Relationship to Other Facets

Metrics reference event-layer tables — nexus core tables, source event tables, or any model with event_id and occurred_at.

Source Data
  → Events (what happened)
    → Measurements (quantitative values)
    → Dimensions (categorical filters)
    → Source event tables (source-specific columns)
  → Metrics (canonical business calculations over event-layer tables)

Measurements and dimensions are in the data — rows in tables, computed at build time from source records. Metrics are about the data — definitions that describe how to query the data.
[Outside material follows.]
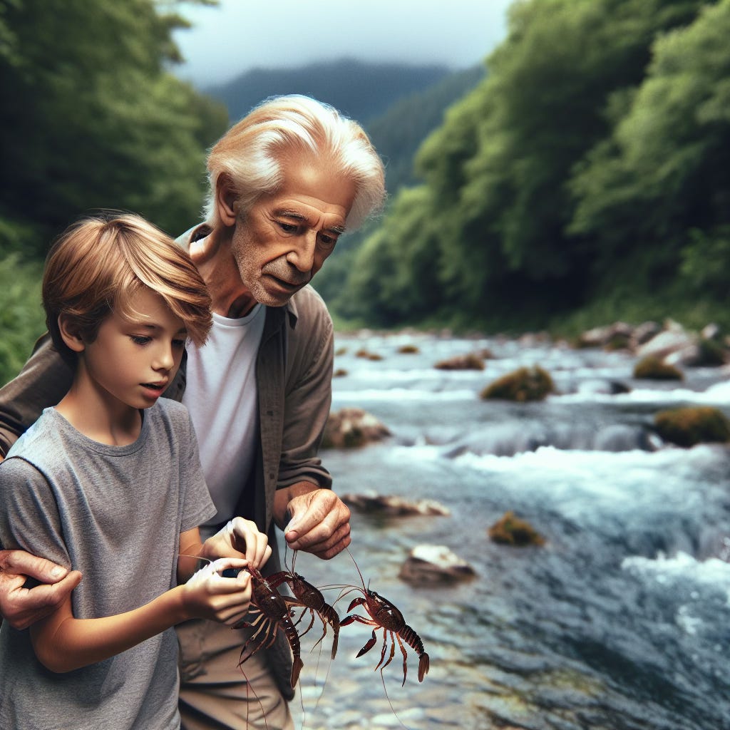 When I was a boy, you would take me to catch crayfish on Saturday mornings. We would slog through murky waters along the river's edge, and you would shout at me in your thick Finnish accent, "Don't let it go!" The crayfish always evaded my clumsy fingers, but never yours. In an instant, you could capture one with ease. I always dreamed of being as skilled as you, Grandpa.

This is why measurements and dimensions are core nexus tables, while metrics are a metadata table compiled from configuration.

Normalized and snapshot tables (e.g. Fivetran-synced application tables) are useful as dimension sources and reference data, but should not be metric hosts. If a business calculation needs data from a normalized table, transform that data into events upstream so the metric can be time-series compatible.


When Not to Define a Metric

Not every business metric needs a definition. Many metrics follow a standard pattern that's derivable from the event name alone — an LLM or analyst already knows how to write these queries given the nexus schema.

Pageviews — count of events with a specific event name:

SELECT COUNT(nexus_events.event_id)
FROM nexus_events
WHERE nexus_events.event_name = 'pageview'

Unique pageviewers — distinct persons who triggered the event:

SELECT COUNT(DISTINCT nexus_entity_participants.entity_id)
FROM nexus_events
LEFT JOIN nexus_entity_participants
  ON nexus_events.event_id = nexus_entity_participants.event_id
WHERE nexus_events.event_name = 'pageview'
  AND nexus_entity_participants.entity_type = 'person'

These are general patterns — COUNT(events) and COUNT(DISTINCT entities) by event name — that apply to any event type. Defining a metric for each one would be noise. The event metadata already tells an LLM everything it needs.

Define a metric when:

  • The calculation isn't obvious from the schema (e.g., take rate involves specific columns and division)
  • It requires specific filters beyond event name (e.g., revenue requires is_revenue_earned = true)
  • It's a derived formula combining other metrics (e.g., conversion rate)
  • You want to attach qualitative metadata — description, example questions, polarity — that wouldn't be discoverable otherwise
  • Consistency matters and you don't want different people writing different SQL for the same concept

Skip a metric when the query is a predictable pattern over event_name that anyone familiar with the schema could write.


Adding Metrics to a Client Project

  1. Define metrics in dbt_project.yml under vars.nexus.metrics, grouped by primary model
  2. Create the model at models/nexus/nexus_metrics_metadata.sql (copy the model template above)
  3. Run dbt build — the model compiles metric definitions into a queryable table

The metrics model has no upstream dependencies on other nexus tables — it reads purely from configuration. It can be built independently and updated by editing YAML.


Generating Semantic Layer Schemas

The metric definitions are structured and precise enough to deterministically generate schemas for semantic layer tools like Cube or MetricFlow. A measure type maps to a tool-native measure with consumer-chosen aggregation; a count type maps to a count-distinct measure; a derived type maps to a calculated metric referencing its components. The model key determines which semantic layer object (cube, semantic model, etc.) the metric belongs to, and tables declares the required joins.

If a metric can't be expressed precisely enough to generate a schema deterministically, it's a signal that the definition needs refinement — decompose into components, or push complexity into a dimension.